L’appuntamento con il referendum costituzionale del 20 e 21 settembre ha riacceso, come accade ormai da tempo ad ogni appuntamento elettorale, le luci sulla paradossale questione delle difficoltà di voto per i cittadini fuorisede. Questi ultimi infatti, potendo votare solo presso i seggi dei loro comuni di residenza, sono spesso costretti a viaggi lunghi e costosi, pur di esercitare il loro diritto di voto. È per rimuovere questi ostacoli che il comitato Iovotofuorisede e The good lobby hanno lanciato – approfittando dell’imminente appuntamento elettorale – una petizione finalizzata a chiedere al Parlamento una legge che garantisca il diritto di voto a distanza ai cittadini in mobilità.
La petizione. Iovotofuorisede nasce nel 2008 come comitato civico per sensibilizzare l’opinione pubblica sul tema del diritto di voto per i cittadini che vivono in Italia, ma lontano dalla propria residenza. Paradossalmente infatti, nonostante per i cittadini italiani temporaneamente all’estero, come gli studenti Erasmus, il diritto di voto sia garantito anche a distanza, così non è per i milioni di lavoratori o studenti fuorisede in mobilità in Italia. La petizione – a cui si può aderire sul sito iovotofuorisedde.it –, promossa insieme all’associazione no profit The good lobby, mira quindi ad ottenere l’introduzione di una nuova legge elettorale che riconosca a tutti gli aventi diritto al voto fuorisede la possibilità di esercitare quest’ultimo, anche senza l’obbligo di viaggi, nella maggior volte impegnativi e costosi, e ora, a causa della pandemia da Coronavirus in corso, anche rischiosi per la salute.
Un problema per molti. L’assenza di strumenti legislativi adeguati e il mancato aggiornamento di una legge risalente all’ormai lontano 1957 non è affatto un problema di nicchia. Secondo il sito di Iovotofuorisede, sono infatti circa 2 milioni le persone a cui viene preclusa la possibilità di esercitare il proprio diritto al voto. Si tratta soprattutto di giovani tra i 18 e i 35 anni: non solo i circa 570 mila studenti universitari fuorisede (fonte: Rapporto Eurostudent, Federconsumatori), ma anche i moltissimi lavoratori che continuamente si trasferiscono (spesso dal Sud al Nord) in cerca o per accettare il loro primo impiego o una situazione lavorativa maggiormente gratificante o più in linea con le proprie aspirazione o la propria formazione.

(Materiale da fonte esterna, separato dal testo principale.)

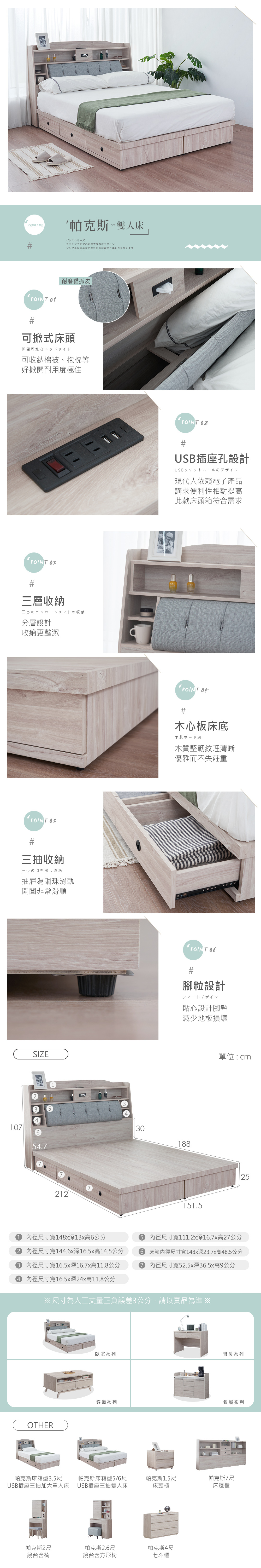 名稱:帕克斯床箱型5尺USB插座三抽雙人床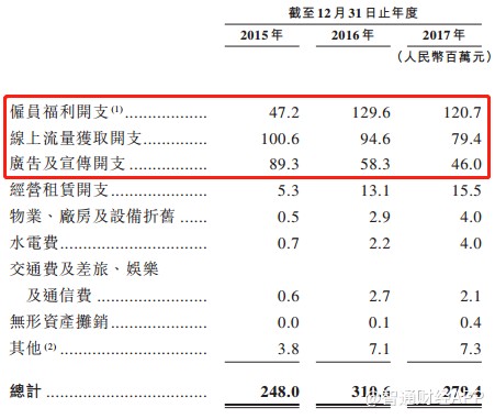 土巴兔的銷售人員開支從2015年的4720萬元大幅增至2016年的1.29億元,并在2017年維持1.2億元左右高位。不過隨著公司規(guī)模化運(yùn)營的展開,公司線上買量開支卻從1億元降至7940萬元。

Disparità su disparità. Appare dunque evidente come questa situazione crei di fatto una disparità nell’esercizio del diritto al voto tra chi risiede nel proprio comune di residenza e chi invece, per diversi motivi, si trova a viverne lontano. La possibilità riconosciuta ai lavoratori fuorisede del permesso lavorativo o eventuali agevolazioni economiche sui trasporti non possono infatti bastare a garantire agli interessati le condizioni necessarie per esercitare il proprio diritto, tanto che nella maggior parte dei casi i diretti interessati finiscono con il rinunciare a votare. Ma, non per tutti i fuorisede è così: paradossalmente tale diritto è riconosciuto solo a particolari categorie di lavoratori, come gli appartenenti a corpi militari, alle forze di polizia, ai vigili del fuoco e i naviganti (marittimi o aviatori), gli unici a poter votare al di fuori del comune di residenza in occasione delle elezioni nazionali. Un’eccezione che fa apparire la situazione ancor meno equa e giusta.
Il confronto con gli altri paesi Ue è infine la prova definitiva dell’arretratezza legislativa italiana rispetto a questa categoria di cittadini: “in Svizzera, in Spagna e in Irlanda – sottolineano i promotori della petizione – è possibile votare per corrispondenza; in Francia e in Belgio si può delegare il voto a un’altra persona; in Danimarca si può votare in anticipo, in un seggio speciale allestito per l’occasione presso il luogo in cui si è domiciliati; mentre in Germania è ammesso sia il voto per corrispondenza, sia il voto in un altro seggio, nei Paesi Bassi c’è la possibilità di delegare o di votare in un altro seggio”. La speranza è dunque che la concomitanza con il progetto di una riforma elettorale che vada oltre il taglio dei parlamentari – voluta in primis dal Pd – nonché con l’emergenza Covid-19, e i conseguenti potenziali rischi insiti nei viaggi molto lunghi, possano determinare il definitivo superamento di questa disparità nell’esercizio di uno dei diritti fondamentali riconosciuti dalla Costituzione.